Hallo zusammen,
ich bin 35 Jahre alt und habe seit mittlerweile 7 Monaten ausstrahlende Schmerzen in linken Bein, ausgehend aus einem Bandscheibenvorfall L5/S1 mit entsprechender Nervenkompression.
Ich nehme seither Diclofenac (1-2x täglich 75mg), wodurch sich die Schmerzen ganz gut regulieren lassen - dennoch aber vorhanden sind. Im Dezember habe ich zudem 4 PRT-Spritzen erhalten, leider komplett ohne Wirkung. Mein Neurochirurg rät nun sehr stark zu einer OP, ich bin mittlerweile auch soweit dies anzugehen - da konservativ wohl keine Verbesserung in Sicht ist.

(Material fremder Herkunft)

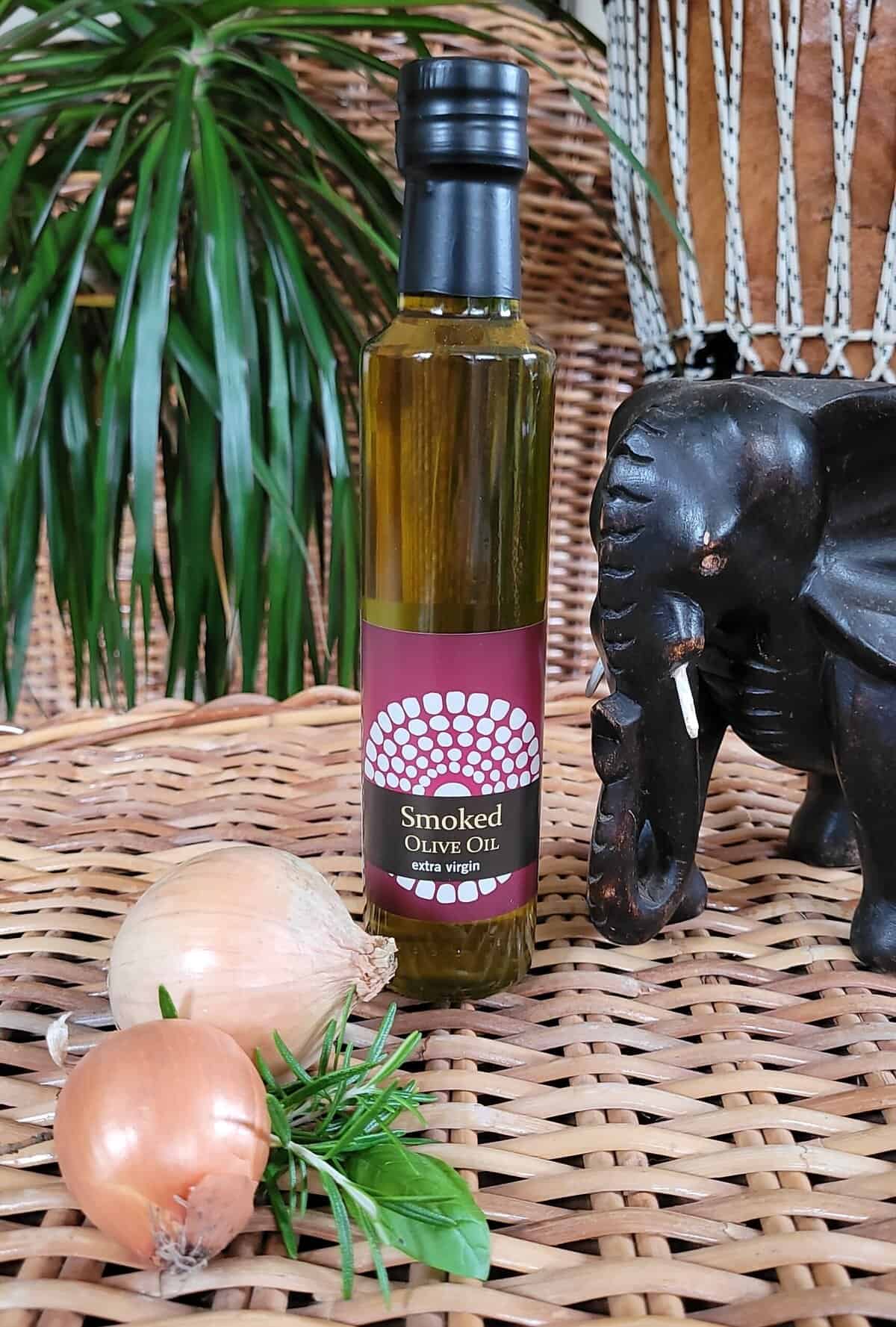Mit einem Hauch von Eichenholz-Rauch: Das extra native Olivenöl aus Missionsoliven vom Paarl-Valley wird mit einem kalten Rauchverfahren leicht geräuchert, was die typischen Aromen des Olivenöls fantastisch unterstützt. Eine absolute Spezialität!

Haltet ihr die OP für sinnvoll und wie wäre hier der typische Ablauf insbesondere nach der OP - wie lange fällt man aus (Bürojob), wie ist allgemein der Zustand/Verlauf nach der OP. Vielen Dank für eure Erfahrungswerte und Einschätzungen.
Hier noch mein MRT-Bericht zur besseren Einschätzung:
Normale lumbale Lordosehaltung, erhaltene Wirbelkörperhöhen, keine Olisthese. Reduziertes
T2-Signal der Bandscheiben der unteren beiden LWS-Segmente, mäßige Höhenminderung des
Intervertebralraumes L5/S1. Im Segment L4/5 zeigt sich eine breitbasige Bandscheibenprotrusion mit
rechtsseitiger Betonung mit hier Tangierung der L5-Wurzel recessal. Im Segment L5/S1 ein kräftiger
links-mediolateraler NPP mit Kompression der S1-Wurzel recessal links und Dorsalverlagerung der
übrigen Kaudafasern links. In den übrigen LWS-Segmenten keine Protrusion oder NPP. Frei
durchgängige Neuroforamina. Allseits erhaltener Liquorreserveraum. Regelrechte Artikulation in den
kleinen Wirbelgelenken ohne relevante Hypertrophie. Partielle Abbildung der ISG ohne
Signalauffälligkeiten. Unauffällige paravertebrale Weichteile.
Beurteilung:
Beginnende Osteochondrose der unteren LWS. Keine foraminale oder spinale Enge.
L4/5: Rechts-mediolateral betonte Bandscheibenprotrusion mit Tangierung der rechten L5-Wurzel
recessal.
L5/S1: Kräftiger links-mediolateraler NPP mit Kompression der linken S1-Wurzel recessal,
zusätzliche Dorsalverlagerung der übrigen linken Kaudafasern.